Santa Barbara city election ballot
Paul Wellman

BLAND CAMPAIGN: With only about two weeks left before the Santa Barbara City Council election that ends November 8, I was afraid we’d have to import some major-league wackos to pep up the rather bland campaign.

About all we’d had was Michael Self campaigning against curb bulb-outs. Bulb-outs? Is the election going to be decided by pro-and-con gutter talk?

Would it take an 11th-hour call to someone wild and ditzy like Sarah Palin to wake up the voters, or facts-challenged Michele Bachmann and her “pray the gay away” hubby?

Barney Brantingham

Or Bible-thumping Rick Perry charging over from Texas (greenbacks from part-time Montecitan Harold Simmons spilling out of his pockets) to insist that Social Security is a “Ponzi scheme” — thereby alienating geezers and geezers-to-be who might have voted for him? Perry has also put the fun back in campaigning by coming out for the flat-earth tax — I mean the loony flat tax.

We’re also missing the nastiness of last election’s mailed slasher-attacks on liberal candidates by billionaire Texan and ex-Montecitan Randall Van Wolfswinkel, who so far is sitting this one out.

Then, this week, the City Council race sparked.
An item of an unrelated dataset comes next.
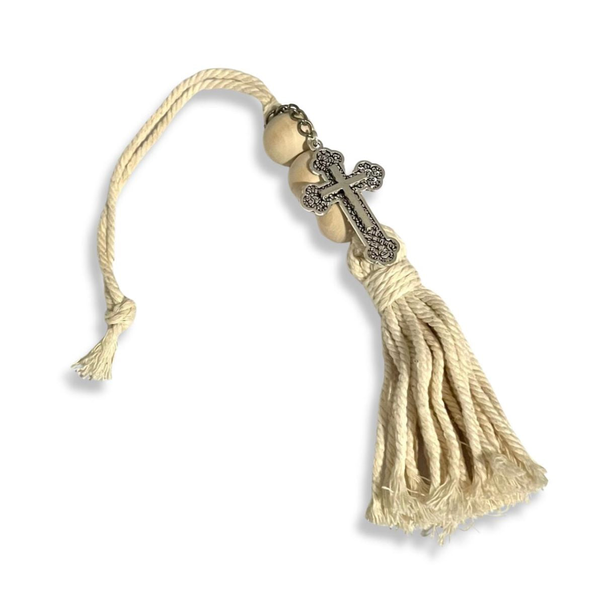 Nuestra Bendición del Hogar combina la calidez de las bolas de madera natural con la fuerza de una cruz de metal, creando un símbolo de fe y protección para cada rincón especial. Ideal para colgar en la puerta de entrada o en la cuna del bebé, llenando el ambiente de bendiciones.

Incumbent Dale Francisco, pissed off over slams against him by the Police Officers Association (POA), launched a vitriolic counterattack, claiming that its leaders were out of step with the men and women in blue. Sgt. Mike McGrew fired back, saying that Francisco wanted the POA endorsement when he ran for mayor (but lost) and is just bitter about not receiving it now.

Whether or not taking on the cops is a wise move remains to be seen, but in a mixed-up race, Francisco is considered by many to be the most likely to win on November 8, along with challenger Iya Falcone.

While Santa Barbara Democrats have endorsed three candidates — Falcone, Cathy Murillo, and Deborah Schwartz — Republicans have been mighty quiet indeed. Maybe because Demo voters outnumber the GOP, and it’s felt that a Grand Old Party label would be costly, especially because the Republicans are in bad odor these days due to their Dr. No shenanigans in D.C. City Council elections are supposed to be nonpartisan, but I guess it’s okay for parties to endorse, as long as they’re in the majority.

As for the housing density issue, the council has stashed that hot potato away as a future experiment in cozy living to provide supposed affordable havens for the poor souls clogging the freeway as they drive in from Ventura County every morning, and for the young families yearning for condo space.

Murillo horrified some homeowners when she told a recent forum that she thinks 40 units per acre would do the trick. Francisco replied that downtown real estate is so expensive that affordable housing wouldn’t have a ghost of a chance of being affordable. Is high-density “smart growth” an oxymoron? Is status-quo density just selfishness, a wall against not just L.A. but the Ventura working class?

Aside from those oh-so-irksome issues, the election is really about whether the four-member conservative majority will keep running the city. Elect incumbents Francisco, Self, and Randy Rowse, add Frank Hotchkiss, who isn’t on the ballot, and you’ve got it. You’ve also got a war on higher density, pedestrians, and the homeless (over-the-top Self claims they’re “terrorizing” the town), and you’ve got climate-warming deniers who can’t even bring themselves to say the word “environment.”

The News-Press is plastering every issue in favor of the Franciscans, even devoting a front-page color photo to the three incumbents standing in De la Guerra Plaza. If you see any other candidates getting this kind of fair and balanced treatment, let me know. The News-Press is also taking great pleasure in pointing out Schwartz’s financial woes. Schwartz says that her personal problems are irrelevant to her City Council leadership, if elected.

What no one seems to be talking about is that most of the front-runners are women and winning major endorsements. When I was covering the City Council back in the 1960s, there was usually one token woman member. The Board of Supervisors was not only all male but all good ol’ boys. Now there’s a majority of women on the five-member board.

The Independent has endorsed Falcone, Schwartz, and Murillo, and the “guns and hoses” city cops and firefighters have thrown their considerable weight behind their longtime favorite, Falcone, along with Schwartz and Milpas Street advocate Sharon Byrne, who’s called for more police on the beat. Murillo lost out, as did Self, whom cops and firefighters endorsed last time, but who now has alienated them, and we’ll see if she keeps her job.